Dataset items

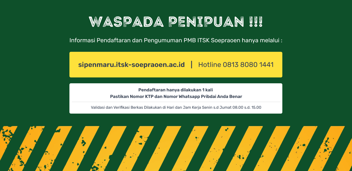 pmb.itsk-soepraoen.ac.id pilih menu daftar PMB dan ikuti pendaftaran sesuai alur, jika mengalami kesulitan bisa menghubungi contact person (CP) untuk dipandu/diarahkan. Jika daftar langsung, bisa datang ke sekertariat PMB di kampus 3 ITSK RS dr. Soepraoen pada Senin – Jum’at jam 08.00-15.00. Jl. Majapahit Kota Malang
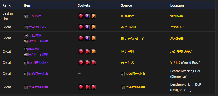 要是挑选胸部装备的话,午夜胸甲是首选。而说到附魔呢,胸甲的附魔推荐“附魔胸甲 - 杰出属性”。
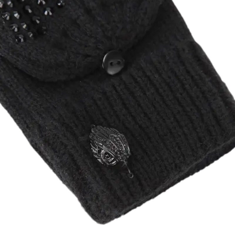 Zwarte handschoen voor dames van het merk Kurt Geiger. Met de Eagle gloves van Kurt Geiger kunt u gerust de kou in ze zijn gemaakt van hoogwaardig acryl en deze zijn te gebruiken met u vingers vrij of sla deze om en maak er een heerlijk warme want van.
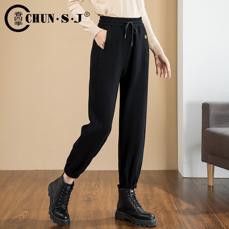 Черные осенние штаны, фонарь для отдыха, эластичная талия, коллекция 2021
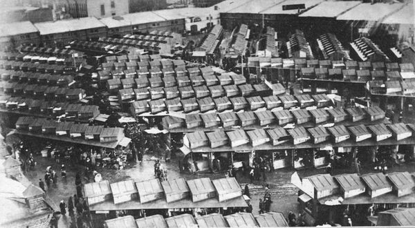 «Бараки расположены по отделам: галантерея, обувь, кожа, одежда, москательный, щепной, скобяной, шапочный, стеклянный, мебель, меха, мануфактура, мясной, рыбный, мучной, письменные принадлежности, табак и пока только две книжных лавки букинистов и ни одной антикварной»[3].

Task instructions:
Without the pictures, give all the records above again exactly.

Expected answer:
 pmb.itsk-soepraoen.ac.id pilih menu daftar PMB dan ikuti pendaftaran sesuai alur, jika mengalami kesulitan bisa menghubungi contact person (CP) untuk dipandu/diarahkan. Jika daftar langsung, bisa datang ke sekertariat PMB di kampus 3 ITSK RS dr. Soepraoen pada Senin – Jum’at jam 08.00-15.00. Jl. Majapahit Kota Malang
 要是挑选胸部装备的话,午夜胸甲是首选。而说到附魔呢,胸甲的附魔推荐“附魔胸甲 - 杰出属性”。
 Zwarte handschoen voor dames van het merk Kurt Geiger. Met de Eagle gloves van Kurt Geiger kunt u gerust de kou in ze zijn gemaakt van hoogwaardig acryl en deze zijn te gebruiken met u vingers vrij of sla deze om en maak er een heerlijk warme want van.
 Черные осенние штаны, фонарь для отдыха, эластичная талия, коллекция 2021
 «Бараки расположены по отделам: галантерея, обувь, кожа, одежда, москательный, щепной, скобяной, шапочный, стеклянный, мебель, меха, мануфактура, мясной, рыбный, мучной, письменные принадлежности, табак и пока только две книжных лавки букинистов и ни одной антикварной»[3].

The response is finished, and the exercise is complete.